Analysis Pipeline

The following tutorial gives an introduction to the basic analysis functions of the velocyto library.

Velocyto Loom

Let’s start with loading the content of the .loom file into an interactive session of python.

import velocyto as vcy
vlm = vcy.VelocytoLoom("YourData.loom")

Different steps of analysis can be carried on by simply calling the methods of this VelocytoLoom object. New variables, normalized version of the data matrixes and other parameters will be stored as attributes of the “VelocytoLoom” object (method calls will not return any value). For example normalization and log transformation can be performed by calling the normalize method:

vlm.normalize("S", size=True, log=True)
vlm.S_norm  # contains log normalized

The docstring of every function specifies which attributes will be generated or modified at each method call.

“VelocytoLoom” object supports some ready-made plotting functions. For example, one of the first checks is spliced/unspliced fractions of the dataset can be done by calling:

vlm.plot_fractions()

You can save the results of your analysis in a serialized object at any time by running:

vlm.dump_hdf5("my_velocyto_analysis")

In another session you can reload the vlm object by running:

load_velocyto_hdf5("my_velocyto_analysis.hdf5")

This is similar to what the pickle module in python standard library is doing but here only the attributes of the VelocytoLoom object are saved and stored as a hdf5 file. Notice that the size on disk of the serialized file can change depending on the step of the analysis the object is saved (e.g. pre/post filtering or before/after calculating distance matrixes).

Note

VelocytoLoom object methods operate on the object attributes performing filtering, normalization adn other calcualtion. Therefore the order in which they are run is important to get a meaningful output from velocyto. We suggest calling these functions in the order shown in this tutorial or in the example notebooks.

Note on Default Shortcuts

In velocyto, the methods starting with the prefix default_* are implemented as a quick-and-dirty shortcut to get the new user started.

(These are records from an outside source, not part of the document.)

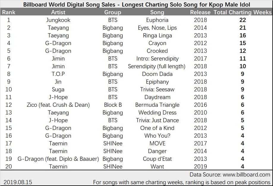Bu başarı, genç şarkıcıyı, Billboard Dünya Dijital Şarkı Satışları Listesi’nde en uzun süre kalan K-Pop solo erkek idolü yaptı.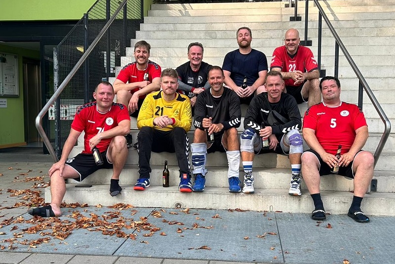 Eigentlich ging es vor ein paar Wochen bei der Einladung der Herren Schmuhl (schon wieder bei den Männern integriert), Ilg (aus Schleswig-Holstein angereist) und Blask (Thüringen) am 30.09.2023 darum, ihnen zum Abrunden der handballerischen Laufbahn wenigstens ein Spiel bei der ü40 zu ermöglichen. Nach diversen Absagen am „langen Wochenende“ war die Teilnahme aber sogar bitter nötig.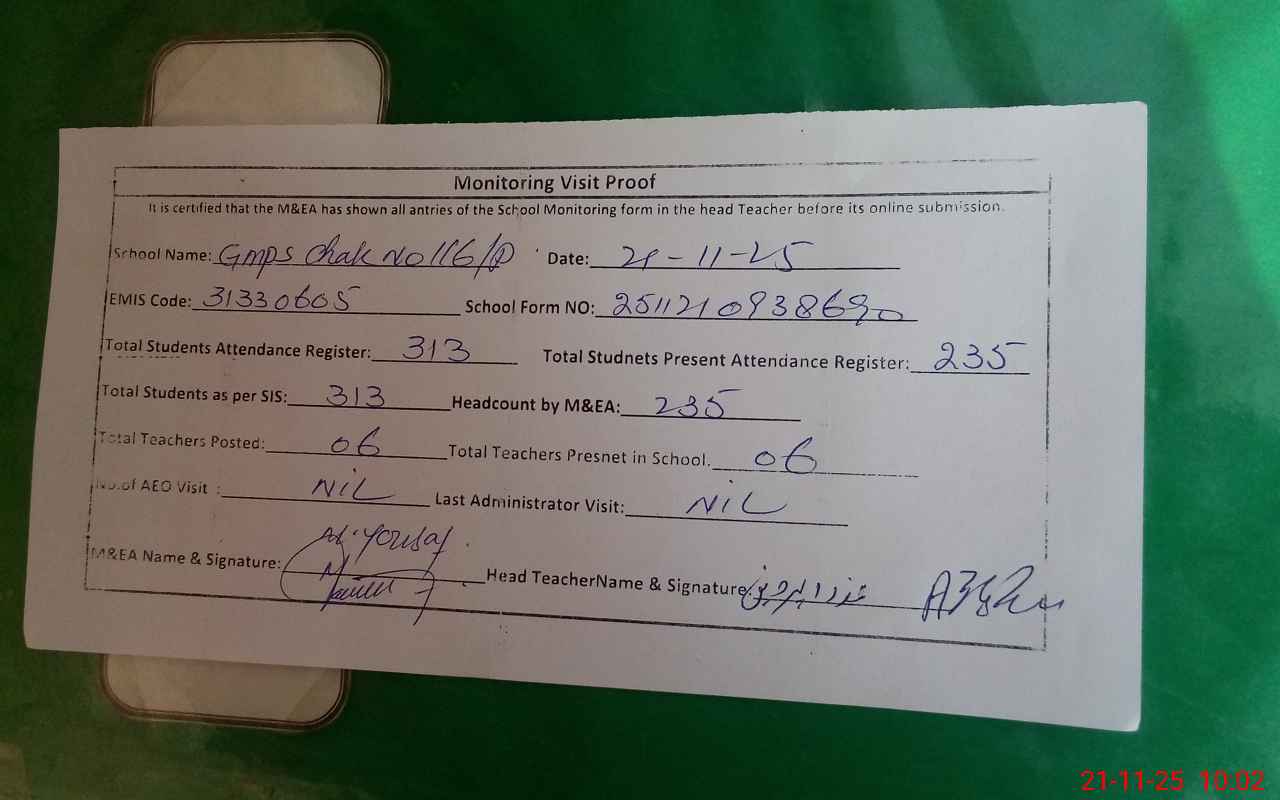 | EMIS Code: 31330605 | Name of School: GMPS CHAK NO. 116/P | |||

These methods are aggregators that call several velocyto functions using some simple heuristics to set the thresholds and parameters to reasonable values. However, those methods are far from perfect and in some datasets they could even lead to runtime errors.

We meant those as reference to the new user and we recommend to inspect the source of these functions and adapt the parameters to the specific dataset.

Preliminary Filtering

At this point we can perform feature selection and normalization of the data.

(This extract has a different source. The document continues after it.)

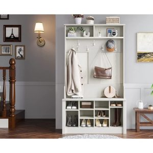 The Hall Tree with Storage Bench is a stylish and functional 3-in-1 entryway piece, offering a perfect blend of seating, storage, and organization. Designed to enhance any entryway or hallway, this multi-purpose unit provides ample storage space for shoes, bags, and other essentials, while the built-in bench offers a comfortable spot for putting on shoes or resting. The Hall Tree With Storage Bench, includes hooks for coats, hats, and scarves, helping to keep your space tidy and clutter-free. Whether you’re entering or exiting, this versatile piece makes your entryway both stylish and practical. Perfect for modern homes looking to maximize space.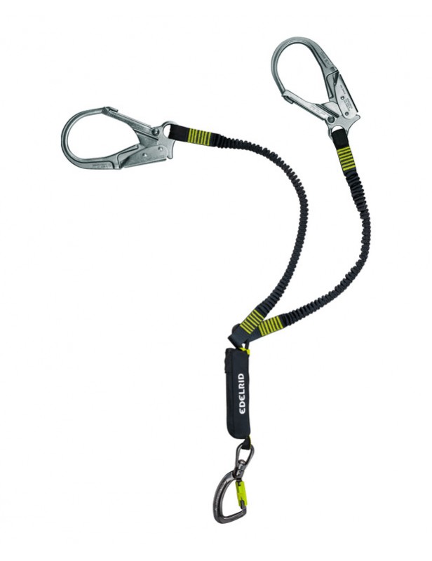 Lonża ze zintegrowanym absorberem energii. Karabinki stalowe posiadają wysoką wytrzymałość na blokowanie 16 kN, zgodnie z wymogami ANSI.

In order to obtain better results the preliminary filtering is usually adapted for each dataset.

For the purpose of this tutorial we will be using the shortcut default_filter_and_norm .

vlm.default_filter_and_norm()

Notice that the method supports limited options in comparison to the full API. For a finer tuning of filtering parameters inspect the source code of the method in the API page normalization and filtering function can be called at any step of the analysis Furthermore, it is important to notice that the function starting

Preparation for gamma fit

For the preparation of the gamma fit we smooth the data using a kNN neighbors pooling approach. kNN neighbors can be calculated directly in gene expression space or reduced PCA space, using either correlation distance or euclidean distance. The default procedure kNN graph pooling/smoothing is implemented default_fit_preparation, finer control can be achieved explicitly calling the knn_imputation method.

vlm.default_fit_preparation()

Gamma fit and extrapolation

To fit gamma to every gene that survived the filtering step we can just call

vlm.fit_gammas()

The fit can be visualized by calling plot_phase_portraits and listing the gene names:

vlm.plot_phase_portraits(["Igfbpl1", "Pdgfra"])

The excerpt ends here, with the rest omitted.